Brief
Starting at the line that contains "外国貿易のアメリカ式の重いポ" and stopping after the line that contains "When respondents were", transcribe the listing below exactly; do not include any pictures.
*** Opening of Source data ***
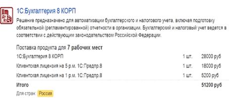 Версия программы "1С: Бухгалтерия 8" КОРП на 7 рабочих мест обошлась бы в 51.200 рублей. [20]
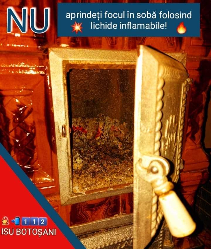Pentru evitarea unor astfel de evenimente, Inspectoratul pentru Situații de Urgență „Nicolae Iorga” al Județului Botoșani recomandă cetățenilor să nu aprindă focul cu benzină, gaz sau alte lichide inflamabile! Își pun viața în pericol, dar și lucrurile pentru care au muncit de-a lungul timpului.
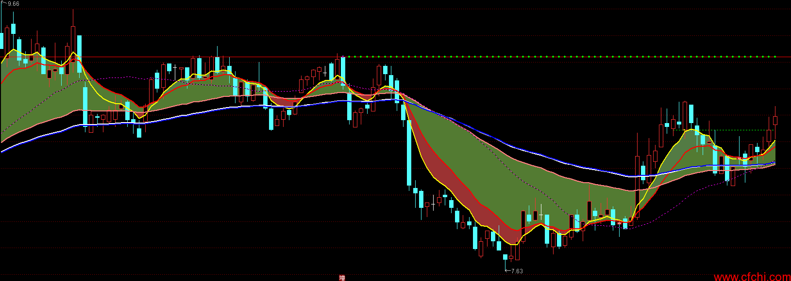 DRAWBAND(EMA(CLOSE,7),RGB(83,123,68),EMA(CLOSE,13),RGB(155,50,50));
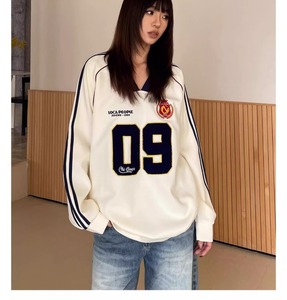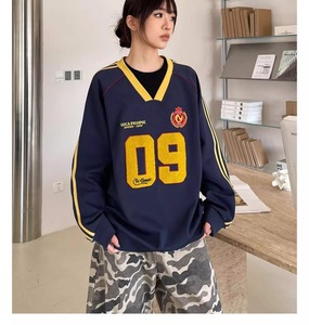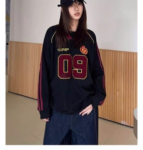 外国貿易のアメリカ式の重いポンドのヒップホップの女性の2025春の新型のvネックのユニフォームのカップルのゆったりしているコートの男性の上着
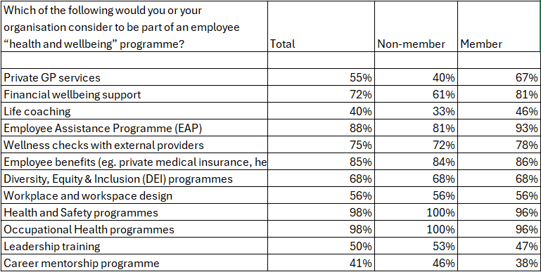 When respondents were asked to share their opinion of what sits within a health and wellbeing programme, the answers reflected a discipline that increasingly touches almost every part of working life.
*** Close of Source data ***
*** Opening of Source data ***
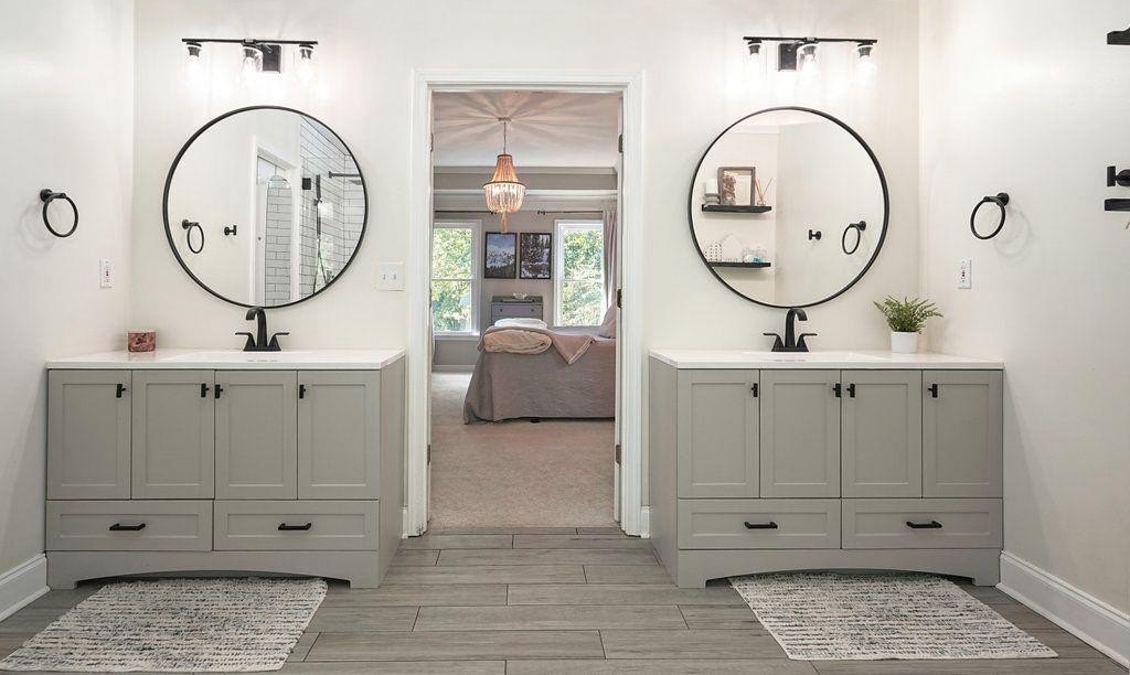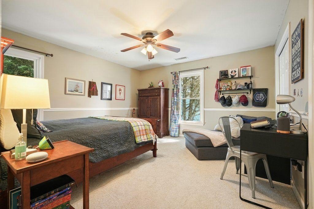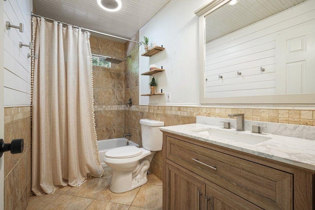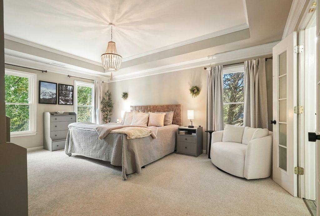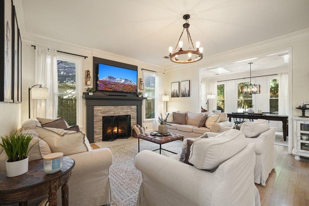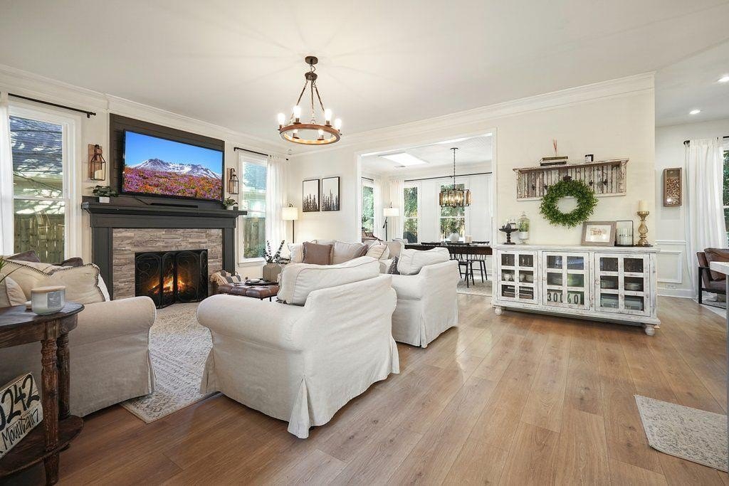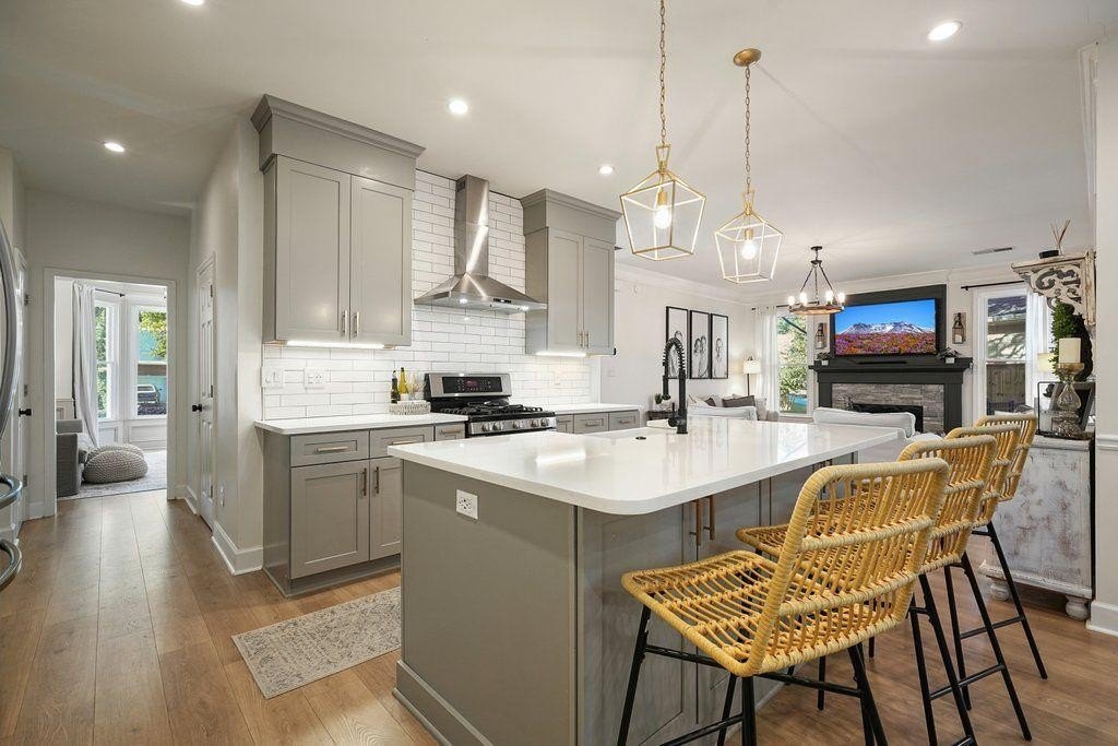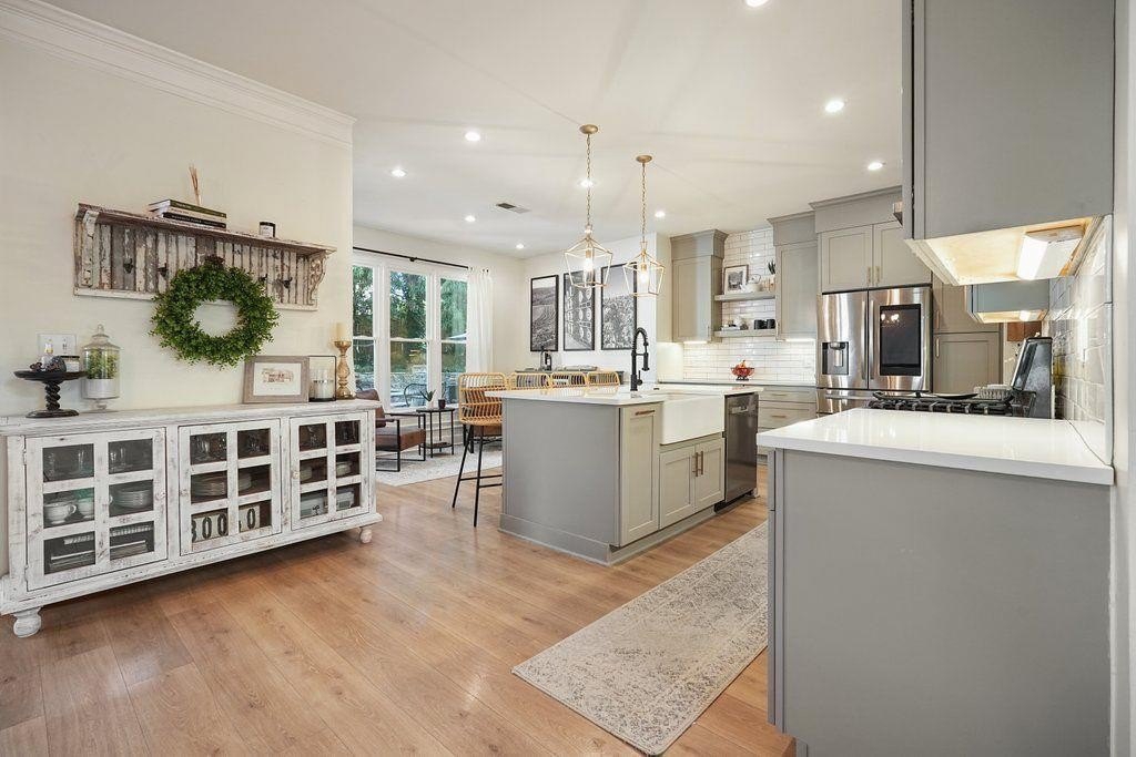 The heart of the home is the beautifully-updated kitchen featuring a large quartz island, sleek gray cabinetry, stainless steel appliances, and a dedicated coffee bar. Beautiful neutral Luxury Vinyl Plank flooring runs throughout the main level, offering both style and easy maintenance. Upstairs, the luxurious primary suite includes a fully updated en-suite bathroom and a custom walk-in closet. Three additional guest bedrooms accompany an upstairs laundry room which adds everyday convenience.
*** Close of Source data ***
Answer to this problem
 外国貿易のアメリカ式の重いポンドのヒップホップの女性の2025春の新型のvネックのユニフォームのカップルのゆったりしているコートの男性の上着
 When respondents were asked to share their opinion of what sits within a health and wellbeing programme, the answers reflected a discipline that increasingly touches almost every part of working life.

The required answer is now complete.